Through emergent behavior, the overall system is capable of generating abilities through the interaction of individual components that no single system possesses alone.

When systems are optimized in isolation:

• dependencies arise

• interface standards are missing

• complexity grows uncontrollably

The overall system thus becomes more vulnerable—despite local optimization.

Redundancy is tangible:
It is measurable.
It is procurable.
It is technically explainable.

Resilience is the opposite:
It is systemic.
It is dynamic.
It is not fully plannable.

That is why redundancy is often used as a substitute for resilience. Too often, the term 'resilience' is equated with redundancy, meaning the mere provision of backup systems.
Not out of ignorance, but due to structural logic:
Organizations optimize what they can directly control.

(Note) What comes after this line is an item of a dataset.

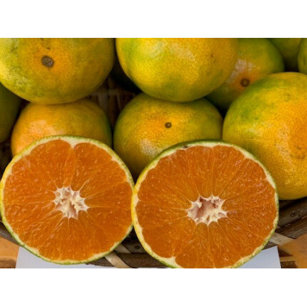 ゆら早生みかんは極早生みかんの一種で比較的に新しい品種で、形は普通のみかんより丸くて味は濃いです。有田でも毎年作付け面積が増えている人気品種です。
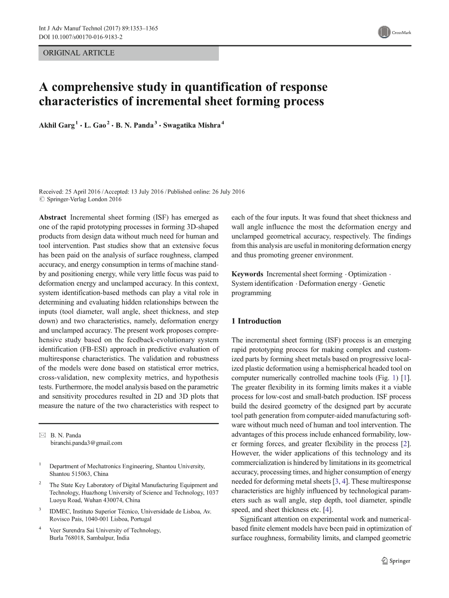 本研究提出了基于反馈的进化系统识别[FB-ESI]方法。该方法是综合利用两种理论的方法,量化多响应特征的过程。多响应特征包括变形能和松开的几何精度。输入主要考虑如下几点,薄板厚度、工具直径、壁角度。分析和确认模型形成的每一个特点,并具有可以同时对每个执行表面进行定量关系的分析得出结果和监控的两个特点。

The transition does not begin with new technology but with a different perspective:

1. 1.

   Diversification Instead of Duplication
   Different technologies instead of identical systems

2. 2.

   Prioritization Instead of Equal Distribution
   Critical loads must be defined and secured

3. 3.

   Interoperability Instead of Silo Solutions
   Systems must work together

4. 4.

   Simulation Instead of Assumptions
   Scenarios must be tested

5. 5.

   Organization as Part of the System
   Processes and decisions are an integral part

Resilience is created step by step.

1. 1.

   Establish System Transparency
   Capture all components, dependencies, and critical loads

2. 2.

   Simulate Scenarios
   Blackout, cyberattack, supply failure → visibility of vulnerabilities

3. 3.

   Adapt Architecture
   Modular systems, diversification, island operation capability

4. 4.

   Integrate Organization
   Emergency plans, decision-making structures, exercises

5. 5.

   Continuous Adaptation
   Monitoring, testing, and further development

This logic corresponds to the transition from static security to adaptive resilience and thus to operational capability in any situation.